§ PROBLEM TO SOLVE
Below is a listing. Return the lines from the one that contains "Babypyjamas från Frugi" to the one that contains "فيما حلّ وفاق", both ends included, verbatim and with no pictures.

*** Opening of EXTRACTED MATERIAL ***

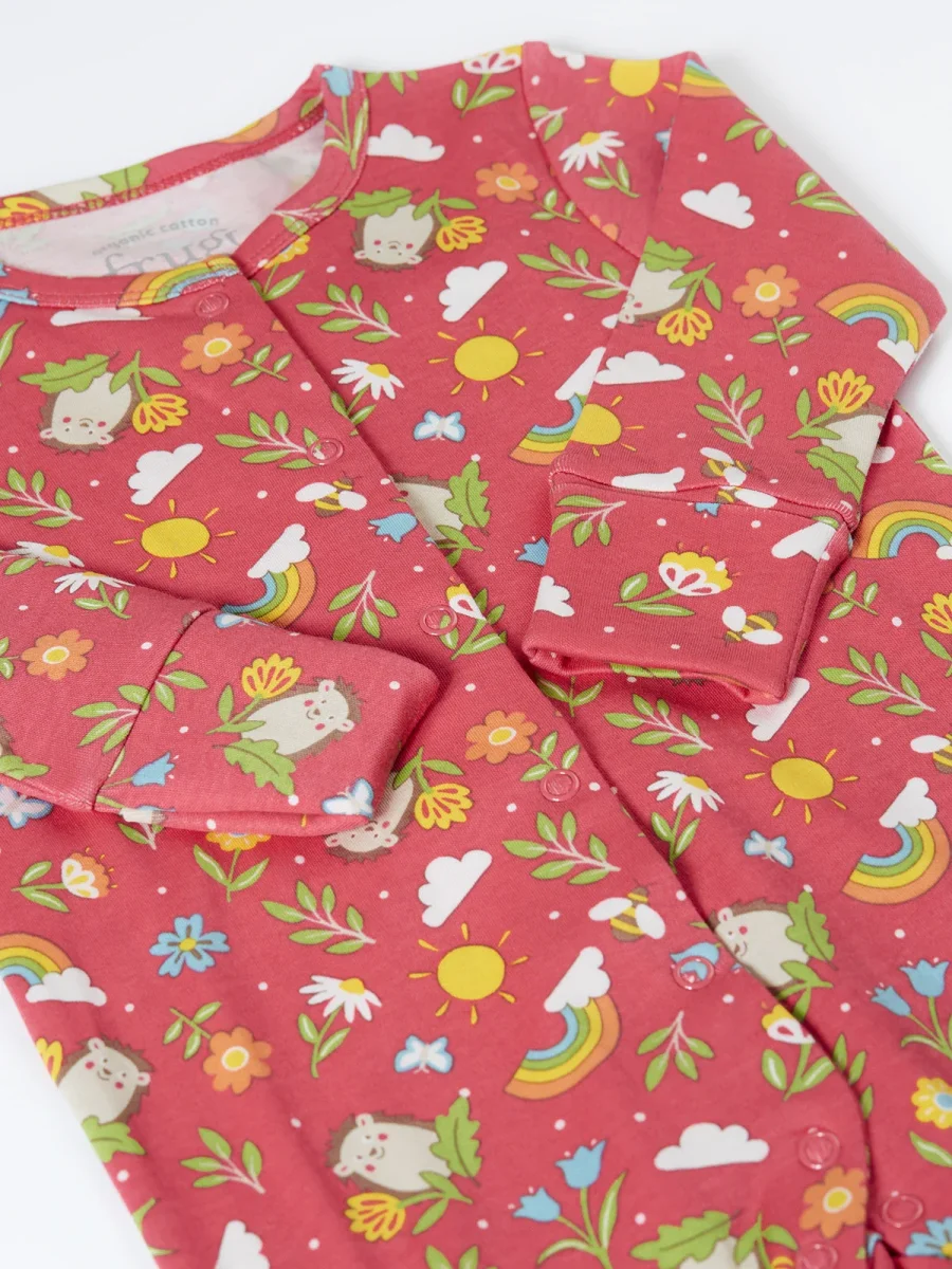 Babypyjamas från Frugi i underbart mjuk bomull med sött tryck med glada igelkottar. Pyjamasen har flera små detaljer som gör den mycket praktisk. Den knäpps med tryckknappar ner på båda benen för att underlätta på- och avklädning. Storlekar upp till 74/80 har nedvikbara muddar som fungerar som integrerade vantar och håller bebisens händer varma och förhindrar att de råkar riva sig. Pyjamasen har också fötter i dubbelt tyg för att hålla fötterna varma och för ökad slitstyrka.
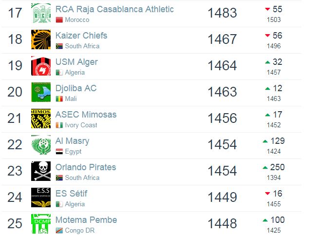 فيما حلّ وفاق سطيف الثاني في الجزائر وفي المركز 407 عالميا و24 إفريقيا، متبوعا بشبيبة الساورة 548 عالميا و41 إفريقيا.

*** Close of EXTRACTED MATERIAL ***
*** Opening of EXTRACTED MATERIAL ***

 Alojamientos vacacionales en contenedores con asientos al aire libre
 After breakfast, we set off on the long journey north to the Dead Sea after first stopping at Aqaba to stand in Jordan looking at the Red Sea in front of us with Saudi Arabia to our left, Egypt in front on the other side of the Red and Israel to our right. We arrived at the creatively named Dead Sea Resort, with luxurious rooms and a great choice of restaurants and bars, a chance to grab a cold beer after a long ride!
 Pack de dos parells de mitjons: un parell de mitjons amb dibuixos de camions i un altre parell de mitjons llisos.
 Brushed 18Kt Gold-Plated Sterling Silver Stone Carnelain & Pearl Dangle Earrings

*** Close of EXTRACTED MATERIAL ***
*** Opening of EXTRACTED MATERIAL ***

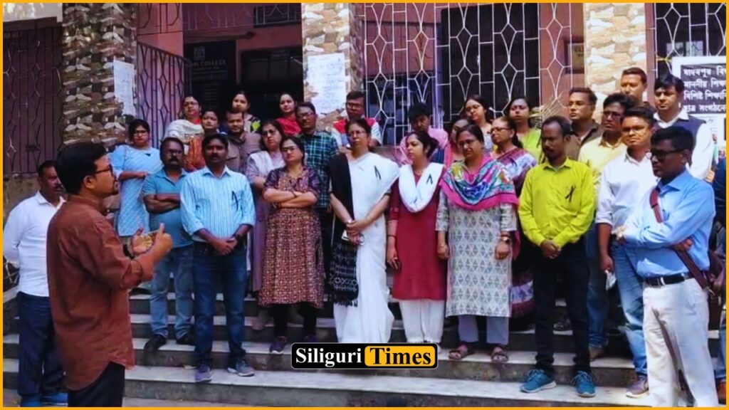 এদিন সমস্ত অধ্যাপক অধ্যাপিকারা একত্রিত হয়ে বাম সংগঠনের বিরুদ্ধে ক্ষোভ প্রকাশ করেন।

*** Close of EXTRACTED MATERIAL ***

§ ANSWER AREA
 Babypyjamas från Frugi i underbart mjuk bomull med sött tryck med glada igelkottar. Pyjamasen har flera små detaljer som gör den mycket praktisk. Den knäpps med tryckknappar ner på båda benen för att underlätta på- och avklädning. Storlekar upp till 74/80 har nedvikbara muddar som fungerar som integrerade vantar och håller bebisens händer varma och förhindrar att de råkar riva sig. Pyjamasen har också fötter i dubbelt tyg för att hålla fötterna varma och för ökad slitstyrka.
 فيما حلّ وفاق سطيف الثاني في الجزائر وفي المركز 407 عالميا و24 إفريقيا، متبوعا بشبيبة الساورة 548 عالميا و41 إفريقيا.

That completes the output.